Tourism Week, now being observed in Anguilla, has had three sessions of Wellness Day activities for adults and students. The first, on Tuesday afternoon, was open for all adults from 4.15 – 5.30 pm. The second session, on Wednesday, from 10.30 am – 12 noon, was for 4th and 5th formers of the Albena Lake-Hodge Comprehensive School; and the third session in the afternoon from 1.00 pm – 2.30 pm, was for 1st, 2nd and 3rd formers of the school.
The theme for Tourism Week 2017 has been “Extraordinary in Nature: Resilient and Rebuilding Sustainability”. Accordingly, the Wellness Day sessions were centred on such matters as rejuvenation mentally and physically – especially at a time when the Anguillian community has just emerged from experiencing stress and trauma caused by Hurricane Irma.

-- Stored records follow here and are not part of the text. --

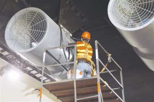 11月1日是隧道整治施工的第四天,工地現(xiàn)場(chǎng),多個(gè)作業(yè)面同時(shí)鋪開(kāi),施工人員三五個(gè)一組共近60來(lái)人,有序分工,緊鑼密鼓地開(kāi)展各項(xiàng)作業(yè)。施工現(xiàn)場(chǎng),有的站在活動(dòng)腳手架上安裝燈具,有的在布管線(xiàn)、接線(xiàn)調(diào)試,有的在安裝風(fēng)機(jī)……一項(xiàng)工序銜接著另一項(xiàng)工序,各個(gè)工種環(huán)環(huán)相扣。截止當(dāng)晚10點(diǎn)30分,隧道內(nèi)燈具、風(fēng)機(jī)全部安裝完畢,黃土嶺隧道群整治已完成總工程量的60%。
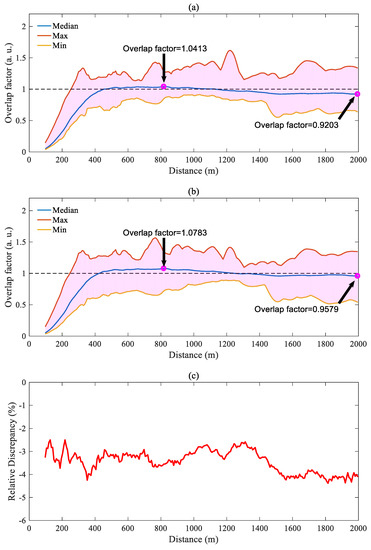 Statistical analysis on the overlap factor has been performed by investigating the overlap factor retrieved during the whole measurement period. The statistical maximum, minimum and median values of the overlap factor, evaluated from lidar curves recorded during the whole measurement period, are shown in Figure 7a,b. It can be found out that the overlap factor was less than one for a measurement distance less than 500 m. The maximum and the minimum boundary of the overlap factor indicated the fluctuations of the lidar signals measured by the two systems, due to atmospheric heterogeneity, and varying range resolution of the SLidar technique, etc. Nevertheless, the influence of the atmospheric heterogeneity can be mitigated in the median value of the overlap factor. In the region between 500–2000 m, the deviation of the median overlap factor to one was between −8% and 4% for the system constant calibrated in the region A, while it varied between −4% and 8% for the system constant calibrated in the region B. The relative discrepancy between the median overlap factors was also less than 5%, as shown in Figure 7c, implying a promising result of employing both regions A and B for the calibration of the system constant and thus the overlap factor.
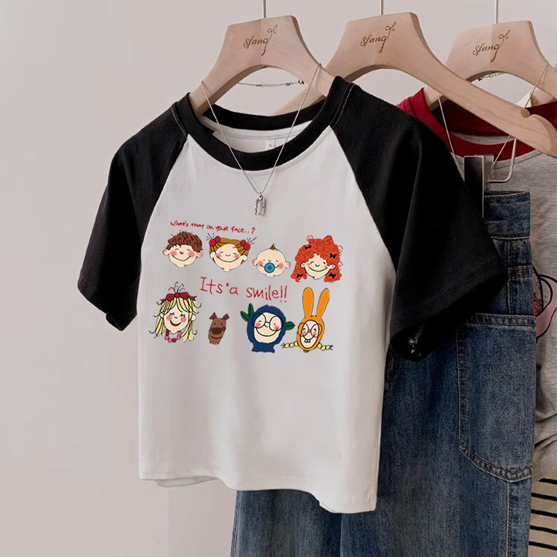 纯棉短袖t恤女夏季小个子多巴胺穿搭设计感小众辣妹正肩短款上衣
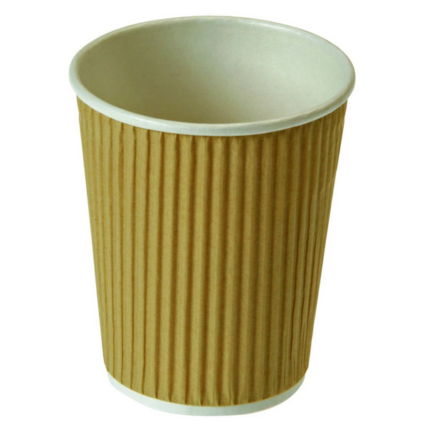 Der Kartonbecher ist doppelwandig gerippt und ist angenehm in den Händen zu halten.
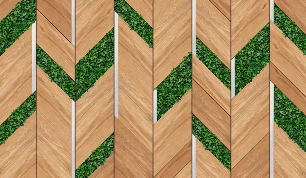 Wall murals imitation of light wooden panels with plant inserts Nr. w04875
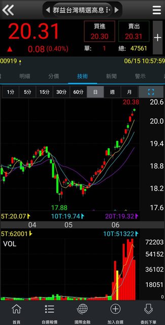 推 BaoBao17 : 原文00919上市來也漲很多啦,自己是抱得很開心 06/15 15:55
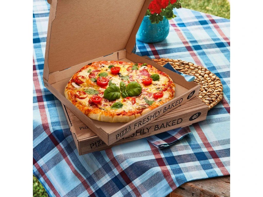 Krabica na pizzu (mikrovlnitá lepenka) kraft 36 x 36 x 4 cm [100 ks]
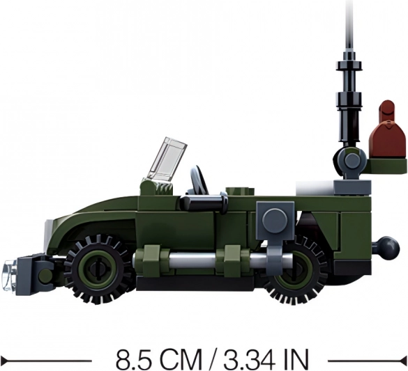 Ce set de la série thématique « WWII » offre aux petits comme aux grands constructeurs l’occasion de créer et de combiner. La jeep Sluban est fabriquée en plastique ABS résistant, ce qui garantit une longue durée de vie et un jeu en toute sécurité.
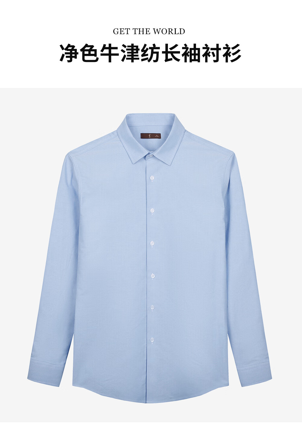才子(TRIES)男士纯色牛津纺衬衫休闲商务两穿高级质感绵柔耐穿长袖衬衣 蓝色 M (165/84A)
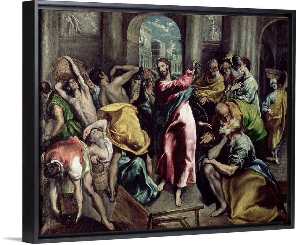 <p>BAL29580 Christ Driving the Traders from the Temple, c.1600 (oil on canvas) (for detail see 26048) by Greco, El (Domenico Theotocopuli) (1541-1614); 106.3x129.7 cm; National Gallery, London, UK; Greek, out of copyright</p>
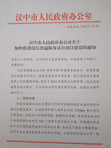 近日,汉中市人民政府办公室下发《关于加快推进电信普遍服务试点项目建设的通知》,加快推进汉中市电信普遍服务试点项目建设。
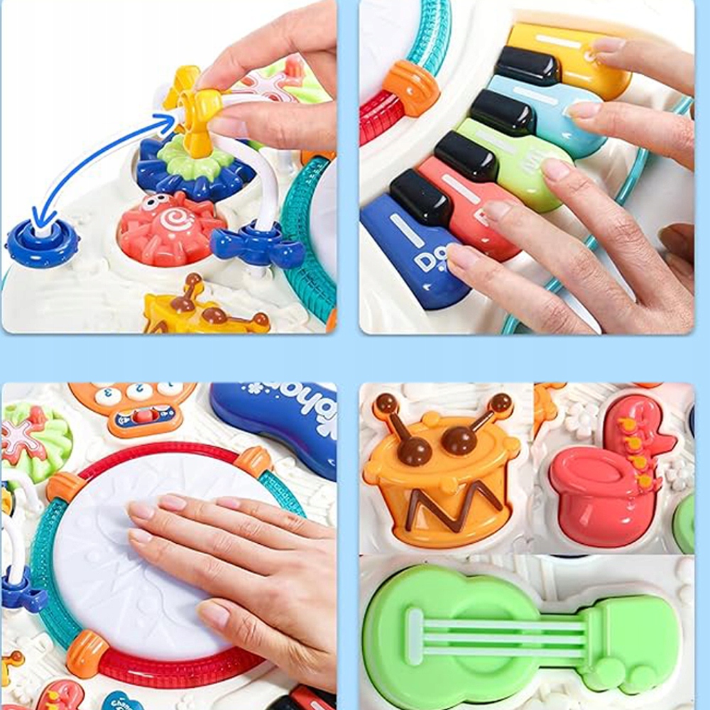 🧁Іграшка для дітей віком від 1 року: Це інтерактивний і веселий, багатофункціональний ігровий столик для дітей віком від 1 року. Ідеально підходить як інтерактивний інструмент для занять батьків і дітей. Батьки можуть навчити своїх дітей цифрам, буквам і назвам музичних інструментів і виховати у дітей розуміння та інтерес до музичних інструментів. Ви також можете весело провести час сім'єю. Підходить як іграшка для дітей від 1 до 23 років.
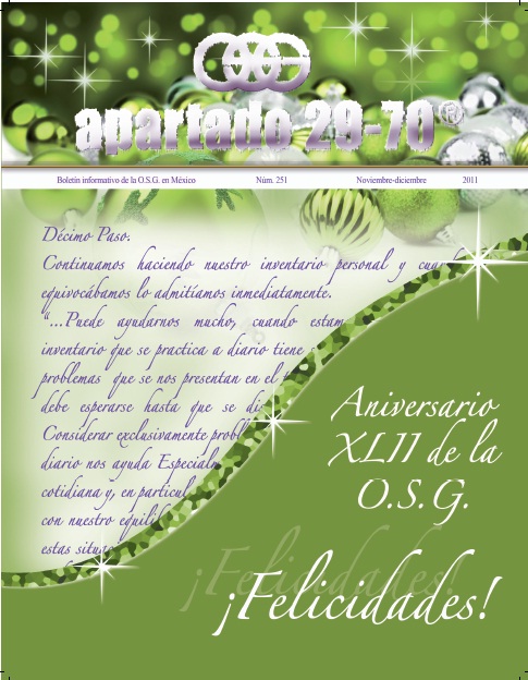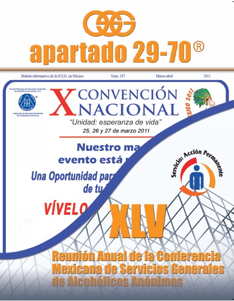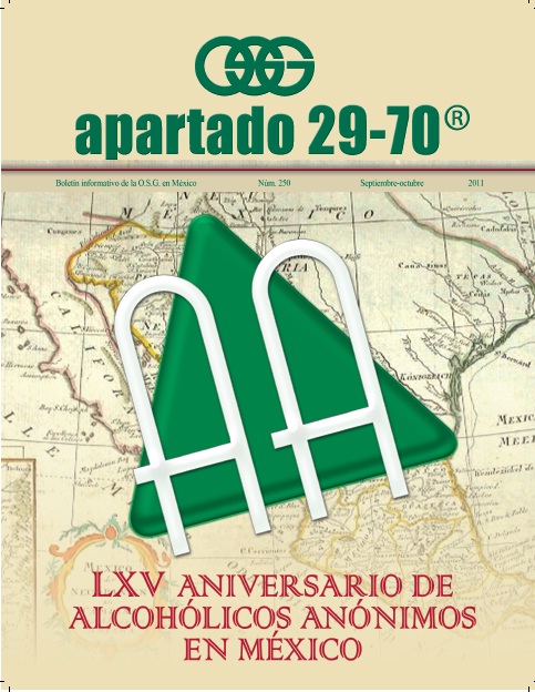 Boletín apartado 29-70 es un órgano de información y servicio a la comunidad de Alcohólicos Anónimos, publicado cada dos meses por la O.S.G. de México. Se distribuye gratuitamente a todos los grupos de Alcohólicos Anónimos que se encuentran registrados en la Central Mexicana de Servicios Generales de Alcohólicos Anónimos, A.C. Si deseas obtener una suscripción personal por un año ponte en contacto con la O.S.G.

Methodist Minister and Counsellor at Her Majesty’s Prison in Anguilla, Rev. Lindsay Richardson, set the tone for the Wellness Day activities when he spoke particularly in relation to the hurricane. “Self-care is a difficult thing and one of the biggest challenges to self-care is stress – and this is perhaps something which we take for granted,” he stated. “The first time I heard a primary school child talk about stress, I really laughed. It was a very ignorant laugh because when I took time out to listen I realise that these children have far more stress than me. I don’t want to be in their shoes as the number of issues they are dealing with they should not be doing so. I had nothing close to that in school when it comes to issues, challenges, fears, anxieties. Children shouldn’t have those issues but, as adults we have our own stress – some we bring on ourselves, some other people throw at us, and sometimes just being alive we have stress thrown at you.”
He continued: “Hurricane Irma was not just stress. Irma was trauma if you were here and you went through it. That was trauma and trauma is an extreme form of stress. It was not just the experience going through Irma, but it was what happened afterwards – and all these things keep adding and compounding each other. Even if you didn’t go through Irma, you came back to Anguilla and saw what Irma left. You had to deal with that and that brought on its own stresses, and then just trying to cope with this, overnight life changed in Anguilla. But you still have to reach work for 7 o’clock or 8 o’clock, and you still have to meet all these other demands when everything around you is completely in disarray. That in itself has its own stresses – and you still have to look after your parents, your children, and take care of the house etc.
“The question is: how do you deal with all of that stuff and make sense of it all – because that is where you either get stuck, or you begin to heal.”
The Wellness Day activities for Wednesday included presentations by the Department of Sports, the Anguilla Tourist Board, and drumming by Judy Guthridge.